Right, but that screenshot is a specific joke that you'd only get if you know who Ayn Rand is.

This reference went right over my head as a child, didn't register it as a joke, didn't care. Caught a rerun when I was an adult and laughed out loud (especially given the context).

This is exactly the kind of reference that Tim likes. He just doesn't like the obvious-into-the-face ones that will age quickly...
I wonder where the cut off is for how deeply ingrained a reference has to be in the culture for it to be "timeless" and ok to reference according to Tim? I also wonder whether the fact that games are made for an international audience restricts what references are really "universal." Not entirely apropos, but I had a conversation with my 22 year-old son the other day and he said he'd used the phrase "death knell" with a friend around the same age and the guy had no idea what he was talking about.

Counterpoint, everyone considers the Golden Age Looney Tunes classics and they're full of a mix of highbrow and lowbrow cultural references.
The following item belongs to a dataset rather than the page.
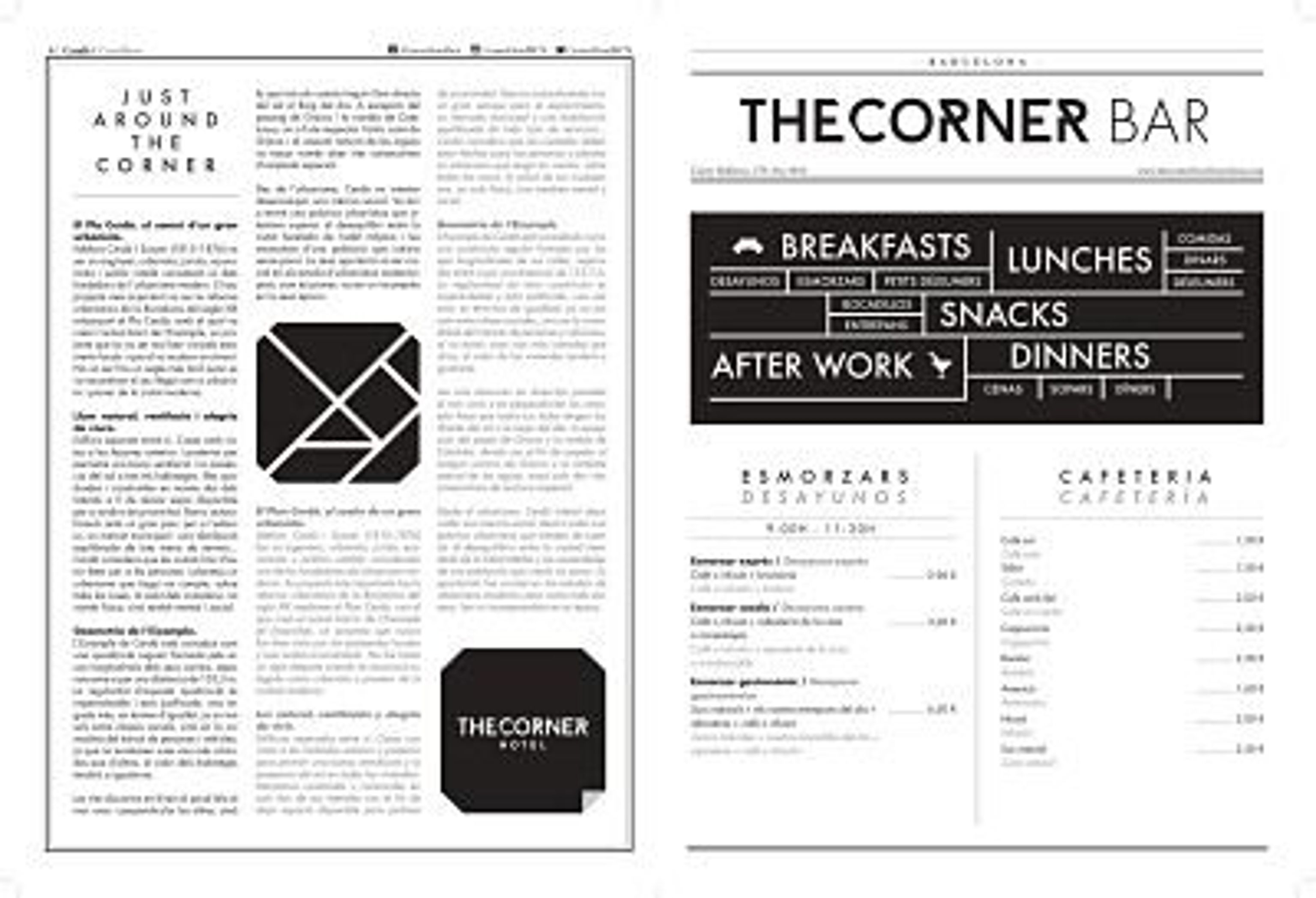 Ubicado en el corazón del Eixample, el hotel llama la atención de sus usuarios ya desde la misma entrada, con un hall abierto y luminoso que sirve de punto de reunión para huéspedes y residentes en Barcelona. Allí, en la planta baja del hotel encuentran el Hall & Lounge, un lugar en el que disfrutar del primer café, tomar un almuerzo ligero o el último aperitivo de la tarde en un entorno donde conectar, reunirse o simplemente relajarse y descansar después de un intenso día en la ciudad condal. Gracias a su estratégico enclave, The Corner Hotel puede ser el punto de partida para descubrir una Barcelona diferente, alejada de los grandes landscape, pero que estamos convencidos que les dejará un gran sabor de boca.

Bugs Bunny forever changed the meaning of Nimrod because most people didn't even know that was a hunter of great skill from the Bible and his use of the term for Elmer Fudd was sarcastic.
"Nimrod" is also a slang term for "idiot," which is how I interpreted that Looney Tunes joke when I was a kid. It hadn't occurred to me there was more to it, but it was clearly a more subtle joke than I understood until about 10 minutes ago and I appreciate it more now. Thanks, dude.